Generally, a porous material is used for the fuel electrode 104, and the reaction at the fuel electrode 104 is taking place at a layer bearing a catalyst in the vicinity of an interface with the electrolyte membrane 108. The protons generated in the fuel electrode 104 permeate through the electrolyte membrane 108 to move to the oxidizer electrode 106, and the electrons flow from the fuel electrode 104 to the oxidizer electrode 106 via an external circuit (not shown). These electrons are used as an output of the fuel cell. The carbon dioxide is discharged from the fuel electrode 104 to the fuel electrode chamber 112, and discharged through an outlet port 121 together with unreacted fuel. The carbon dioxide and the unreacted fuel discharged through the outlet port 121 are recovered to the fuel tank 109, and the carbon dioxide is discharged through a discharge port 114 provided in the fuel tank 109.

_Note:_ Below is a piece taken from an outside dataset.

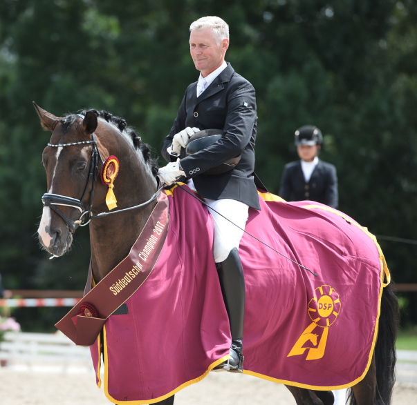 Er hat es wieder geschafft! Nach seinem furiosen Sieg 2016 in der Klasse der 3-Jährigen, unter seiner Reiterin Leandra Hahn, präsentierte sich DSP De Sandro (Decurio - Samba Hit) auch im diesjährigen Championat von seiner spektakulären Seite. Unter seinem routinierten Reiter Volker Brodhecker, sorgte der beeindruckende Hengst aus der Zucht von Hans-Adolf Lembke erneut für Aufsehen und manifestierte so auch in der Klasse der 4-Jährigen seine absolute Champion-Qualität.

Meanwhile, on the oxidizer electrode 106 side, oxygen is supplied to an oxidizer electrode chamber 118 by an oxygen compressor 116, and the oxygen is diffused from the oxidizer electrode chamber 118 into the oxidizer electrode 106. In the oxidizer electrode 106, oxygen reacts with protons diffused from the fuel electrode 104 to generate water. The generated water, normally transforming into steam, is discharged together with unreacted oxygen from the oxidizer electrode chamber 118 through an outlet port 120. In the example shown in FIG. 7, oxygen is used as the oxidizer. In addition, although lower in oxygen concentration, air may also be used as the oxidizer.
In the conventional direct methanol fuel cell, the mixture of methanol and water serving as the fuel is, as shown in FIG. 7, supplied to the fuel electrode chamber 112, permeates from the fuel electrode chamber 112 to the diffusion layer of the fuel electrode 104 to undergo a reaction at a catalyst-containing layer in the vicinity of the interface with the electrolyte membrane 108. Then, carbon dioxide, which is a reaction product, is discharged into the fuel electrode chamber 112, merging with supplied fuel and being discharged together with unreacted fuel through the outlet port 121. Fulfilling high-efficiency, stable power generation with a fuel cell involves efficient and stable fulfillment of the fuel supply and the discharge of carbon dioxide, which is a reaction product.
In this connection, a primary flow of the fuel supplied by the fuel pump 110 is fed into the fuel electrode chamber 112 before discharged through the outlet port 121 provided in the fuel electrode chamber 112. Because of this, a flow of the fuel within the porous material of the fuel electrode 104 that contributes directly to the reaction of the fuel electrode 104 is departed from the primary flow of the fuel within the fuel electrode chamber 112. Further, in the porous material of the fuel electrode 104, although a capillary action works, yet it is subject to constraints on the configuration or direction, making it difficult heretofore to efficiently and stably supply the fuel into the fuel electrode 104. This would also incur a difficulty in improving the output as a fuel cell and keeping power generation at high efficiency for long time. Furthermore, a pump for supplying the fuel with high pressure, when used, would incur an upsizing of the power supply unit, which makes it difficult to adopt the fuel cell as power supply particularly for portable equipment or the like.
JP 2002-175817 A shows that a fuel permeation member into which the fuel permeates is placed on a fuel passage for fuel supply so as to facilitate the fuel supply to the fuel electrode.
However, with the fuel cell described in JP 2002-175817 A, since the fuel is fed to the fuel electrode through permeation by a fuel permeation member, the fuel cell would be insufficient in reaction efficiency of the fuel at the fuel electrode, and therefore insufficient in power.